AGU Fall Meeting, San Francisco, USA, 14-18 December, 2009
A. Emolo, V. Convertito, R. De Matteis, M. Caccavale, A. Zollo
The rapid evaluation of strong ground shaking maps after a moderate to large earthquake is crucial to recognize the areas where the largest damages and losses are expected. These maps play a fundamental role for orienting first aid emergency rescues, for loss estimation and the planning of emergency actions. This is particularly important for areas having high seismic risk potential and where dense seismic networks are deployed. We present an upgraded version of GRSmap (Convertito et al., 2009) that consists in a two steps procedure for rapid computation of ground shaking maps after moderate to large earthquakes. Ground shaking maps are first generated by using a point source model and an optimized data gridding scheme accounting for azimuth and distance variations of the strong ground motion field associated with source effects, such as rupture directivity, geometrical spreading, radiation pattern.
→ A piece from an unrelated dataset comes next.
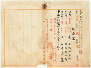台湾総督府民政部警察本署長大津麟平ノ内申ニ依リ扇海丸船長台湾総督府雇小野竹太郎・扇海丸機関長台湾総督府雇武田宇次郎・扇海丸運転士台湾総督府雇石井道寛ハ御用済ニ付キ雇ヲ免ス
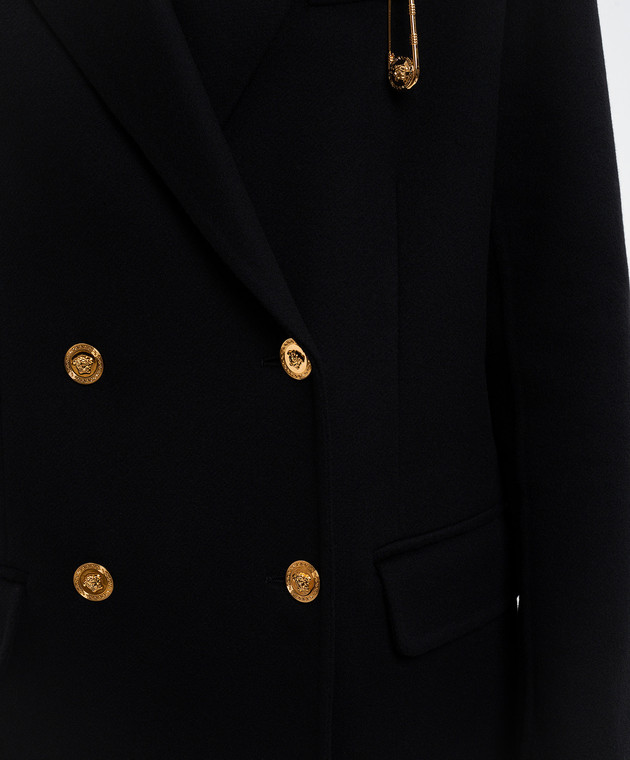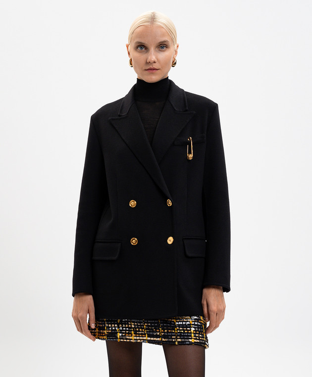Чорне двобортне пальто з вовни і кашеміру

In order to improve the predictions of the peak ground motion for large earthquakes, in the second stage, the orientation and the extension of the fault rupture are estimated through a rapid inversion procedure of residual peak ground motions (PGA and PGV). A grid-search approach is adopted to constrain the fault direction by using the directivity function for a line source (Ben Menahem, 1961; Boatwright, 2007). Next, the best fit fault dimensions are estimated by minimizing the residuals between observed and predicted PGA and PGV. The obtained surface fault projection is then used in the ground motion predictive equations to estimate peak motion in those areas not covered by the seismic network. The whole procedure has been tested off-line and the results obtained using simulated and observed data from large earthquakes in different seismogenic areas and with different source mechanisms are presented.